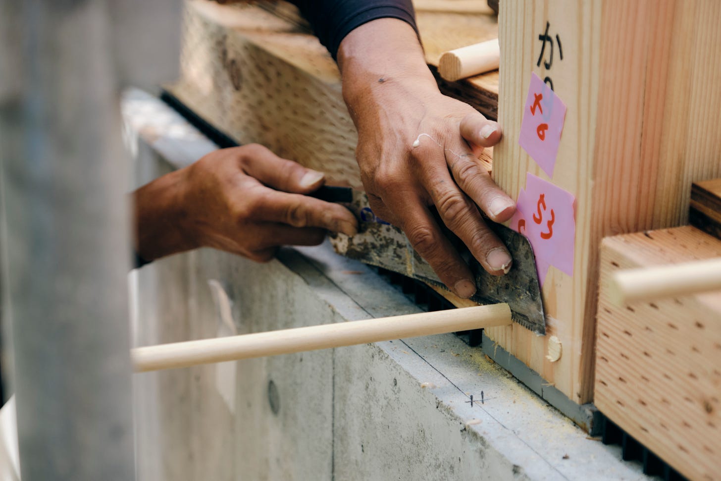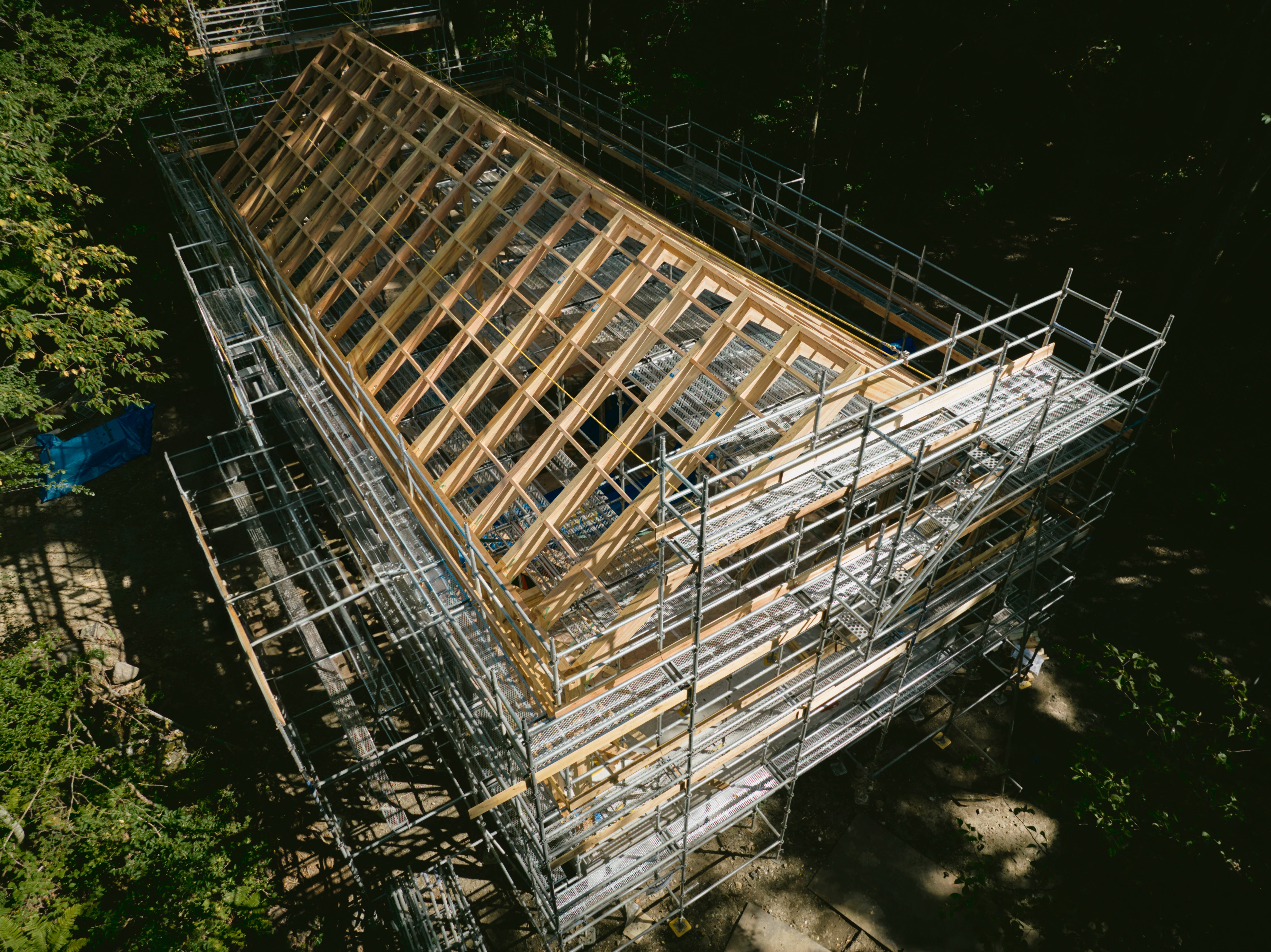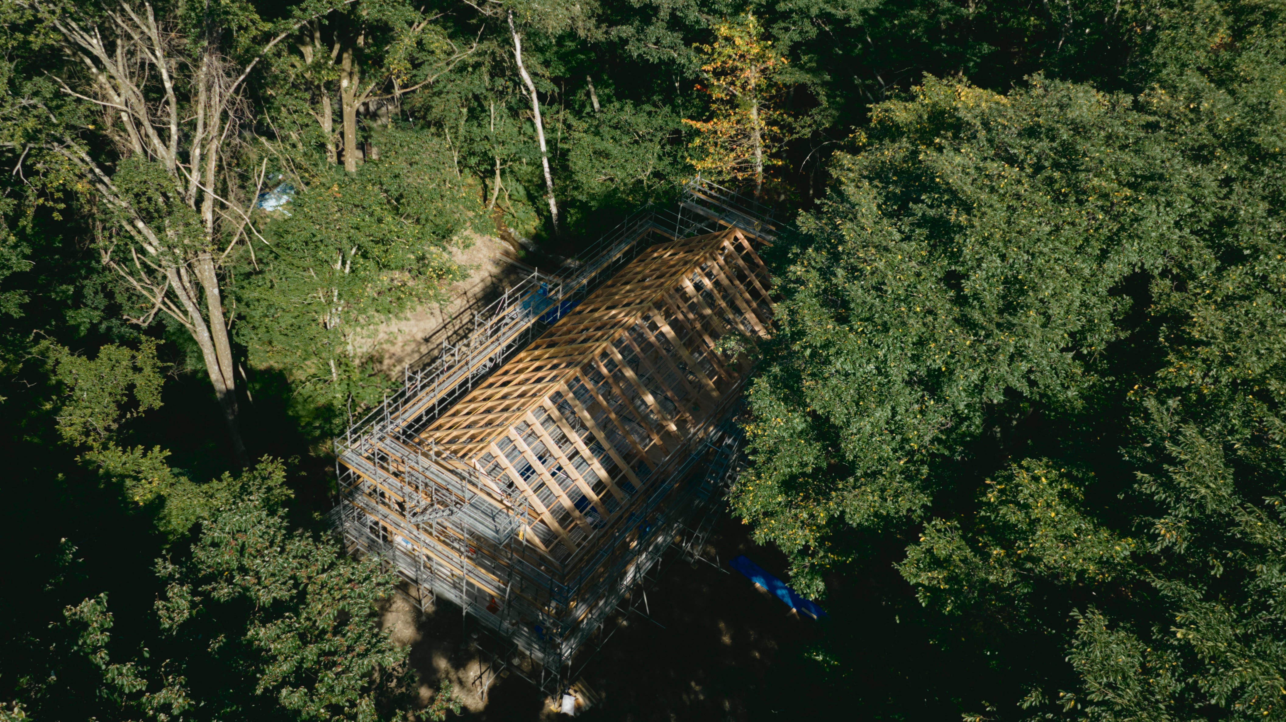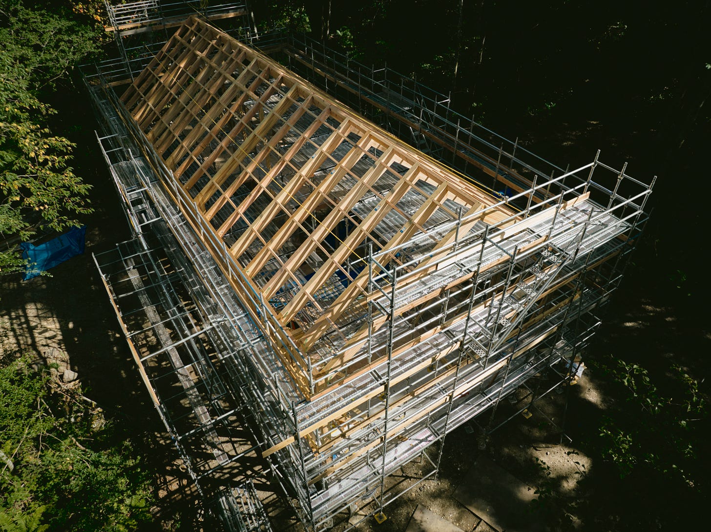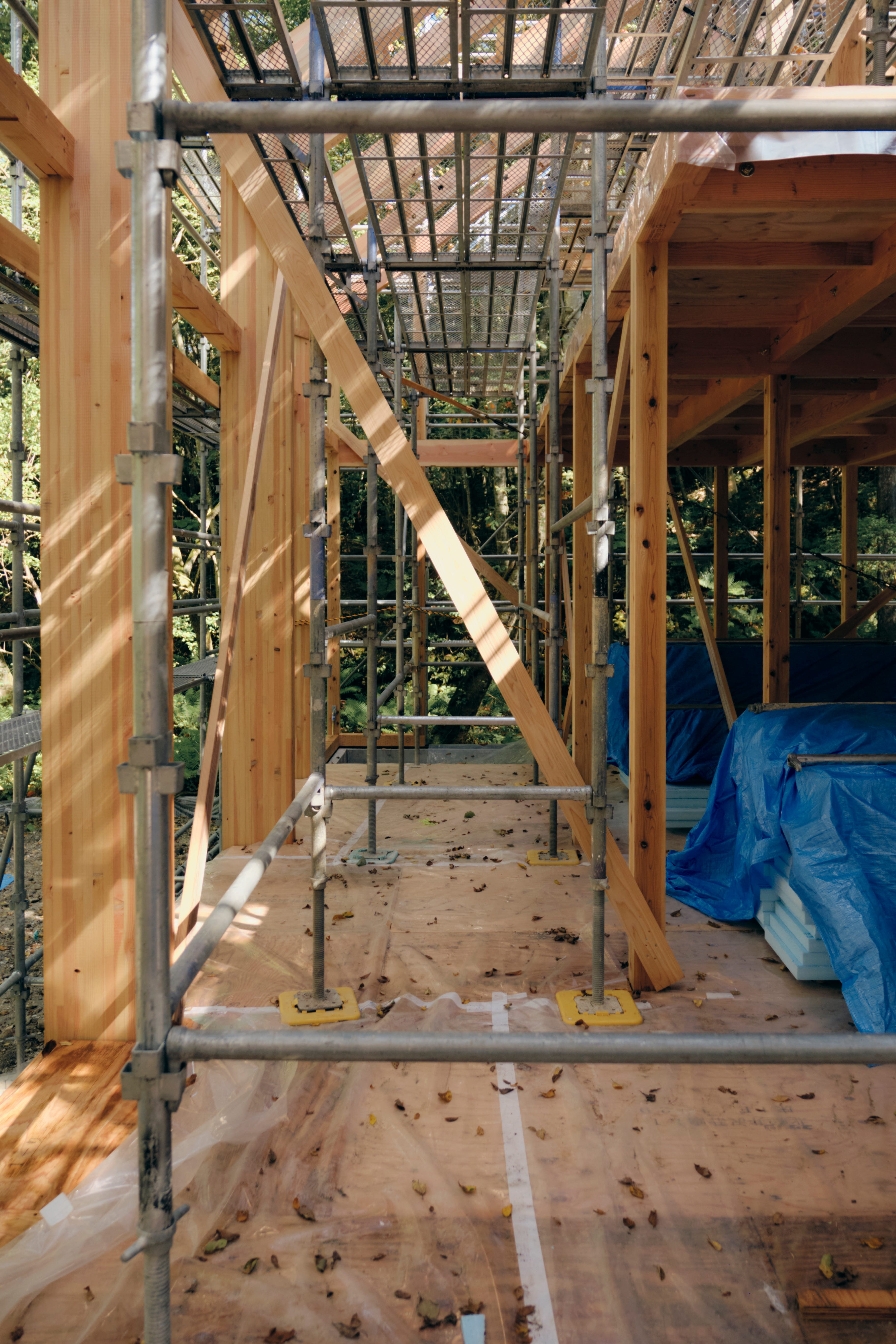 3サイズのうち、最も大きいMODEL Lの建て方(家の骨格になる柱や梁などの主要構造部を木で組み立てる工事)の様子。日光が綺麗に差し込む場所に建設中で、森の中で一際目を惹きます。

* * *

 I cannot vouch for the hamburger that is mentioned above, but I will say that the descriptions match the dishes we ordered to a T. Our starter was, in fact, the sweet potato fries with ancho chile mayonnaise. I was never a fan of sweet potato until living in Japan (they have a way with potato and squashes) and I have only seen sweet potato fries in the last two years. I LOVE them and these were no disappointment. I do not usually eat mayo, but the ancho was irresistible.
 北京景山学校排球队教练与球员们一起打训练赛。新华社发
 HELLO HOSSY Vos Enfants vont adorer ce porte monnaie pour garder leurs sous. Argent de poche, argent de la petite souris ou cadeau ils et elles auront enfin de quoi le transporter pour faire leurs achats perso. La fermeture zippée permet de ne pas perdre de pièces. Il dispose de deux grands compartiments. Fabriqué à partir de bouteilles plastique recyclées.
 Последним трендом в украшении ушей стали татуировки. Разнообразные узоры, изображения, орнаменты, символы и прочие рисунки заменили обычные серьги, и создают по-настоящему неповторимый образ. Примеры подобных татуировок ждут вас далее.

**Instructions to follow:**
What are the lines above, starting at the one with "北京景山学校排球队教练与球员们一起打训练赛。新华社发" and ending at the one with "Последним трендом в"? Give them again exactly, and only them.

**Solution to this exercise:**
 北京景山学校排球队教练与球员们一起打训练赛。新华社发
 HELLO HOSSY Vos Enfants vont adorer ce porte monnaie pour garder leurs sous. Argent de poche, argent de la petite souris ou cadeau ils et elles auront enfin de quoi le transporter pour faire leurs achats perso. La fermeture zippée permet de ne pas perdre de pièces. Il dispose de deux grands compartiments. Fabriqué à partir de bouteilles plastique recyclées.
 Последним трендом в украшении ушей стали татуировки. Разнообразные узоры, изображения, орнаменты, символы и прочие рисунки заменили обычные серьги, и создают по-настоящему неповторимый образ. Примеры подобных татуировок ждут вас далее.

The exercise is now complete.